What to produce: Please repeat each line from the one holding "3月8日下午1时,江汉区工商" through the final line of the data, exactly as it stands, with no pictures.
Segment Start: Dataset entries
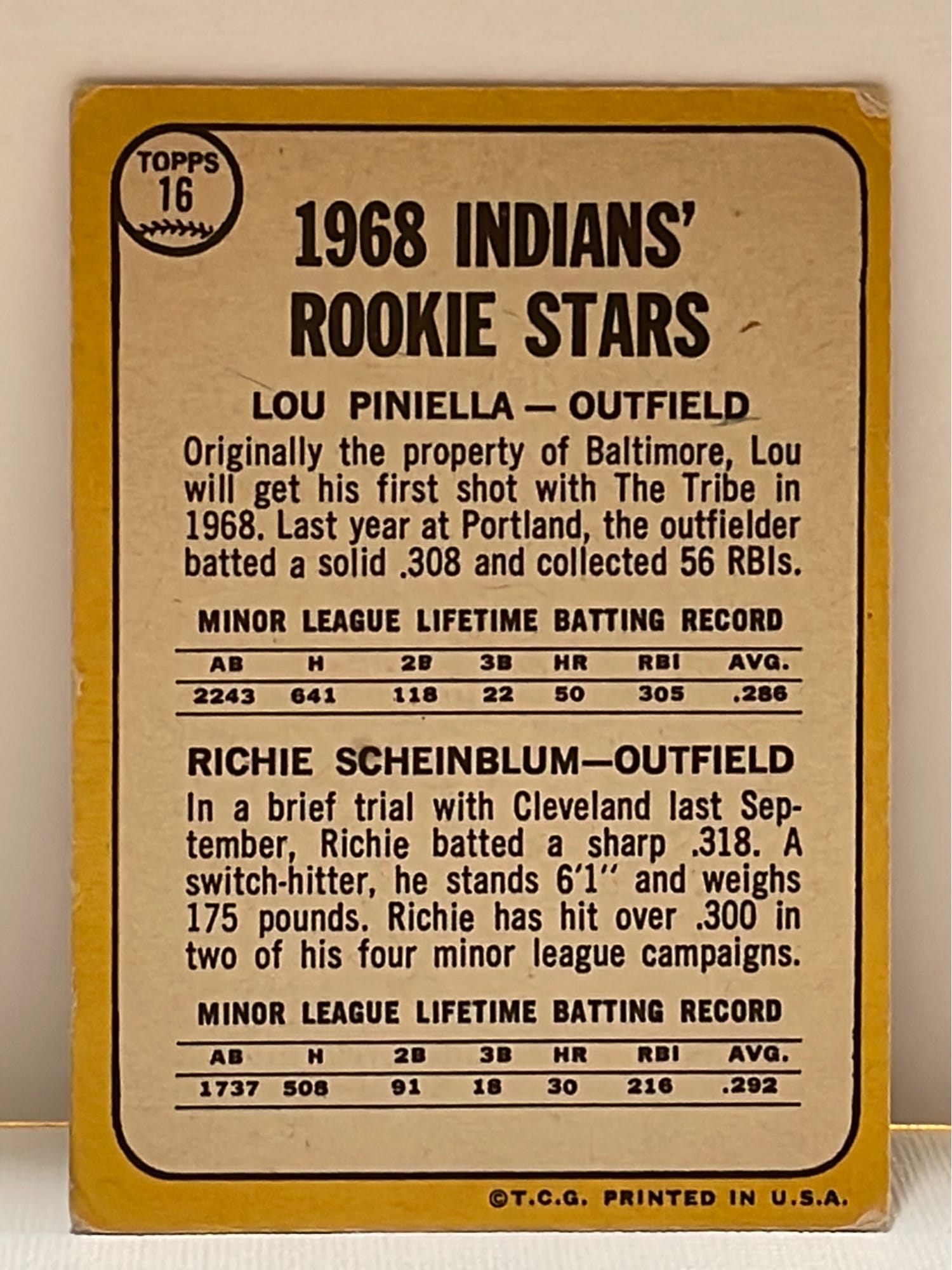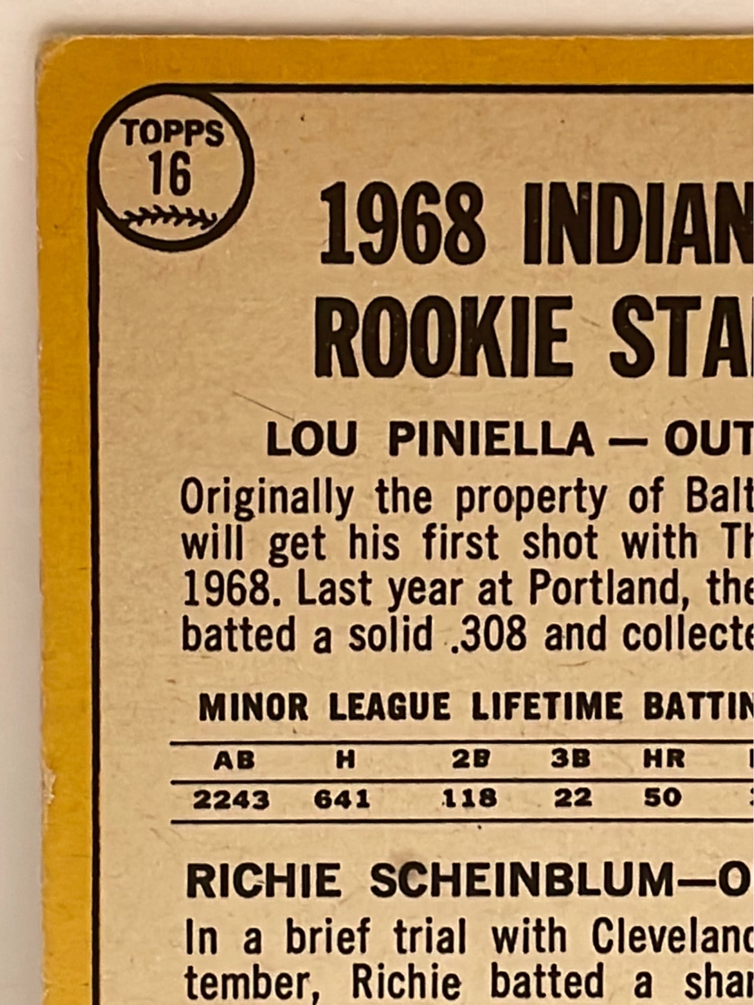 234 1968 Topps Baseball Card #16: ROOKIE STARS Piniella and Scheinblum
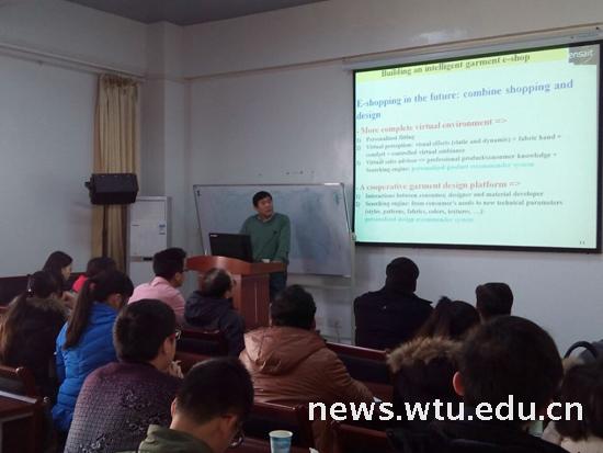 曾宪奕教授详细介绍了其研发团队人员组成与最新研究进展,他表示由其团队研发的智能服装联动设计决策支持系统已经相当成熟,并已经投入实际生产运用。曾教授还就纺织服装材料学习数据库的建设以及服装面料3D虚拟展示等内容和现场师生交流,现场学术气氛活跃。曾教授学术报告内容涉及多个学科内容,其团队科研水平位于世界前沿,为现场师生带来较大启发。
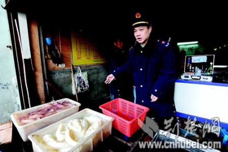 3月8日下午1时,江汉区工商分局副局长高波带领近20位执法队员,来到华南海鲜市场,一一抽查了5家经营水发食品的门面的25个批次产品。结果显示,兴隆冻品商行的鱿鱼涉嫌烧碱严重超标、牛百叶涉嫌用双氧水清洗,惠君海味经营部的鱿鱼和海参涉嫌烧碱超标。
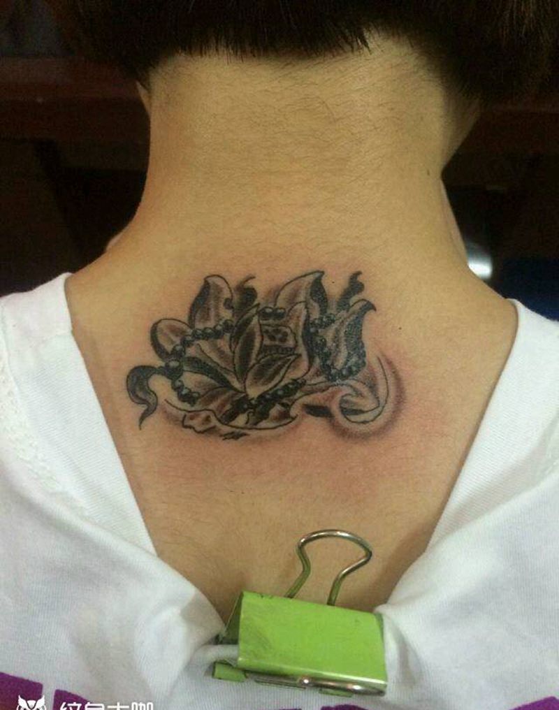 脖子莲花纹身图片_颈部传统植物宗教成品纹身图案
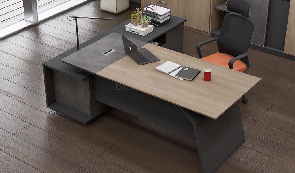 Office desk in 7 feet width with storage cabinet made with environment grade engineered wood and walnut laminate. The E1 grade MDF is a highly durable material and a world standard for premium office furniture while the walnut laminate is from our carefully selected range of premium laminates with consistent color and grain structure.
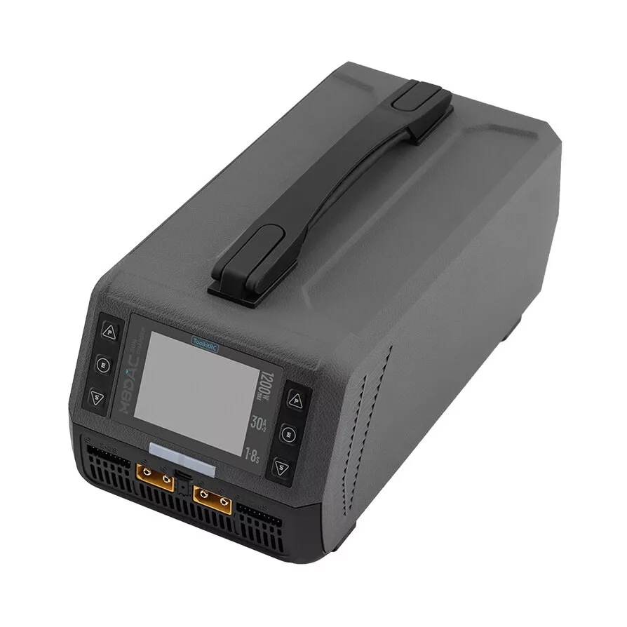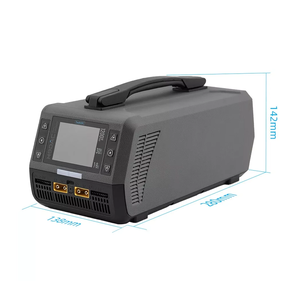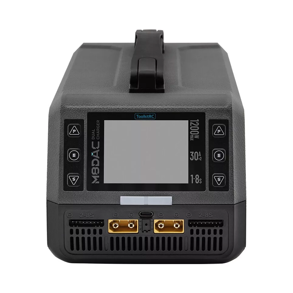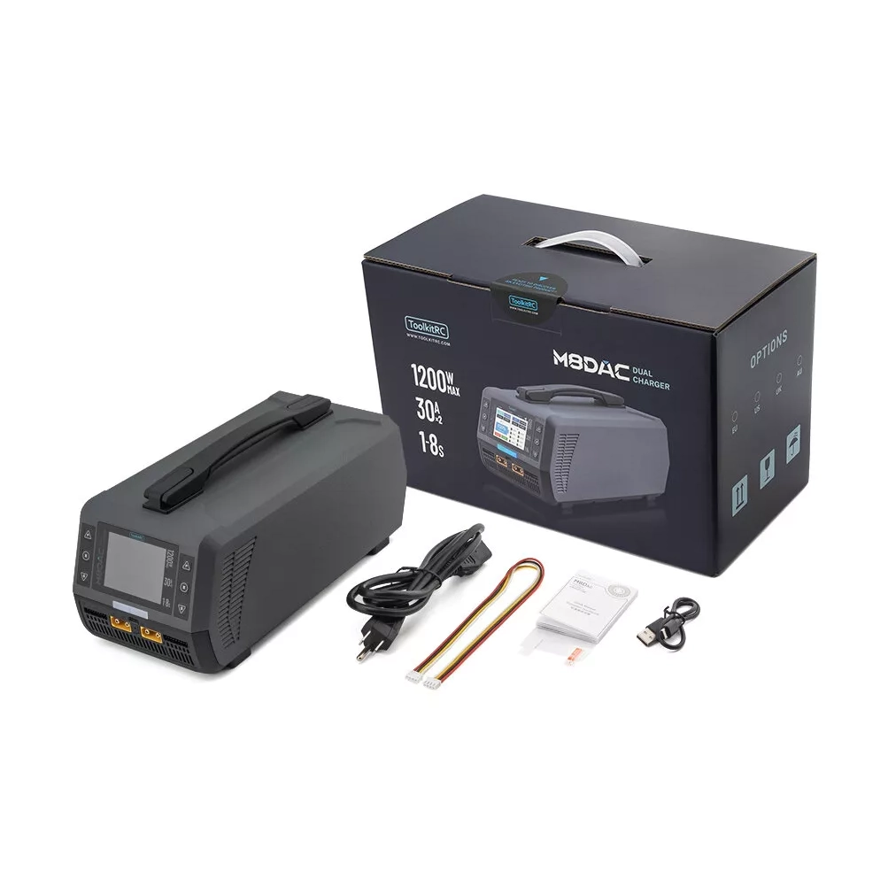 ToolkitRC M8DAC — двоканальний балансувальний зарядно-розрядний пристрій із вбудованим AC/DC джерелом живлення, орієнтований на акумулятори LiPo/LiHV 1–8S. Підтримує два режими роботи силової частини: двоканальний незалежний (асинхронний) режим із виділенням до 600 W та струмом до 30.0 A на кожен канал, або синхронний режим з об’єднанням каналів до 1200 W і струмом до 50.0 A на одному виході.
Segment End: Dataset entries
Expected output:
 3月8日下午1时,江汉区工商分局副局长高波带领近20位执法队员,来到华南海鲜市场,一一抽查了5家经营水发食品的门面的25个批次产品。结果显示,兴隆冻品商行的鱿鱼涉嫌烧碱严重超标、牛百叶涉嫌用双氧水清洗,惠君海味经营部的鱿鱼和海参涉嫌烧碱超标。
 脖子莲花纹身图片_颈部传统植物宗教成品纹身图案
 Office desk in 7 feet width with storage cabinet made with environment grade engineered wood and walnut laminate. The E1 grade MDF is a highly durable material and a world standard for premium office furniture while the walnut laminate is from our carefully selected range of premium laminates with consistent color and grain structure.
 ToolkitRC M8DAC — двоканальний балансувальний зарядно-розрядний пристрій із вбудованим AC/DC джерелом живлення, орієнтований на акумулятори LiPo/LiHV 1–8S. Підтримує два режими роботи силової частини: двоканальний незалежний (асинхронний) режим із виділенням до 600 W та струмом до 30.0 A на кожен канал, або синхронний режим з об’єднанням каналів до 1200 W і струмом до 50.0 A на одному виході.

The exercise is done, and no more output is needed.